### The problem
All the data below goes into the copy word for word, but the pictures don't.

━━━ Stored data

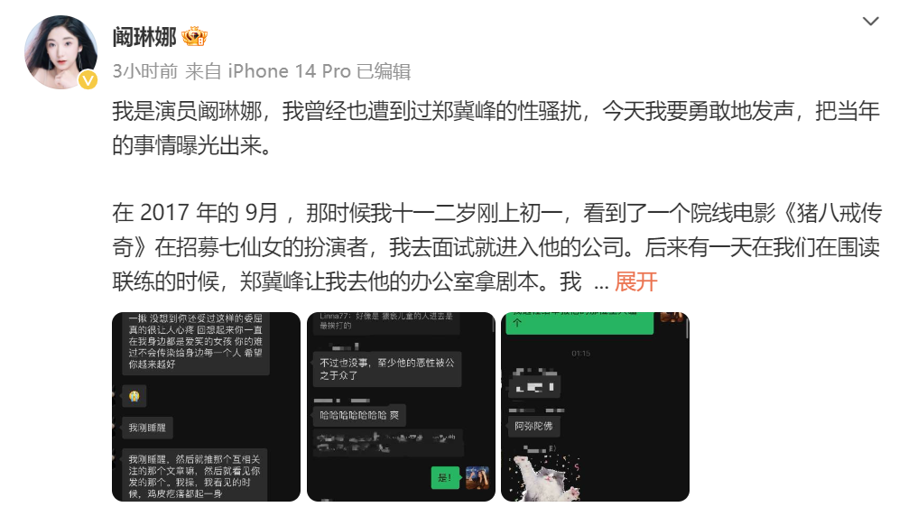 就在小雨接受羊城晚报记者采访时,另一位参演《猪八戒传说》的女演员阚琳娜也公开发文,详细讲述了自己被郑某峰猥亵的经过。与小雨的经历相似,阚琳娜也提及郑某峰曾对她说“陪他睡觉就可以演女一号”。她在文中表示,电影中“七仙女”的扮演者,“有六个人都遭受过他的种种行为”。
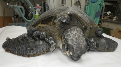 その他に、野生個体で特に注目されているのは、フィブロパピロマ(fibropapilloma)と呼ばれる奇病です。これは、鼠けい部、首や目の回り、口腔内、および内臓などに、1cmから30cmほどのカリフラワー状の腫瘍ができる疾病で、1938年にフロリダではじめて見つかった後、1980年前半になってからフロリダとハワイのアオウミガメで再発見され、現在では日本も含め、世界各地で見つかっています。罹患個体の大部分はアオウミガメですが、アカウミガメやヒメウミガメで見つかる例もあります。腫瘍が大きくなると視覚や摂餌が阻害されたり、漁網に混獲されやすくなるなどの弊害があります。以前は、死に至る不治の病と考えられていましたが、最近の研究では、自然治癒することも分かってきました。線維乳頭腫関連ウミガメヘルペスウイルスへの感染が原因と考えられていますが、詳しくはまだ分かっていません。
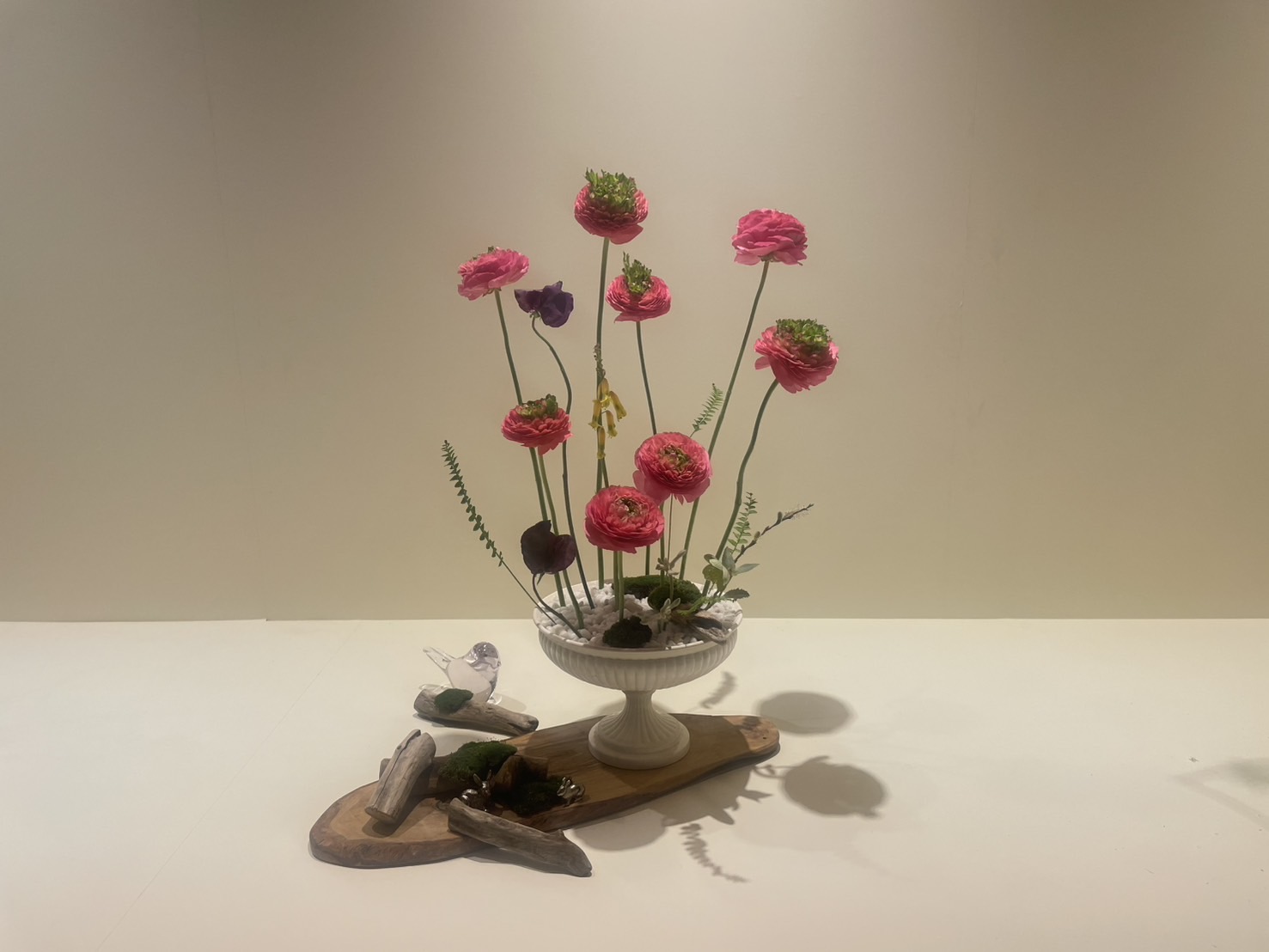 今回は珍しいラナンキュラスなどと花材の組み合わせにこだわりました。

━━━━━━

### Response box
 就在小雨接受羊城晚报记者采访时,另一位参演《猪八戒传说》的女演员阚琳娜也公开发文,详细讲述了自己被郑某峰猥亵的经过。与小雨的经历相似,阚琳娜也提及郑某峰曾对她说“陪他睡觉就可以演女一号”。她在文中表示,电影中“七仙女”的扮演者,“有六个人都遭受过他的种种行为”。
 その他に、野生個体で特に注目されているのは、フィブロパピロマ(fibropapilloma)と呼ばれる奇病です。これは、鼠けい部、首や目の回り、口腔内、および内臓などに、1cmから30cmほどのカリフラワー状の腫瘍ができる疾病で、1938年にフロリダではじめて見つかった後、1980年前半になってからフロリダとハワイのアオウミガメで再発見され、現在では日本も含め、世界各地で見つかっています。罹患個体の大部分はアオウミガメですが、アカウミガメやヒメウミガメで見つかる例もあります。腫瘍が大きくなると視覚や摂餌が阻害されたり、漁網に混獲されやすくなるなどの弊害があります。以前は、死に至る不治の病と考えられていましたが、最近の研究では、自然治癒することも分かってきました。線維乳頭腫関連ウミガメヘルペスウイルスへの感染が原因と考えられていますが、詳しくはまだ分かっていません。
 今回は珍しいラナンキュラスなどと花材の組み合わせにこだわりました。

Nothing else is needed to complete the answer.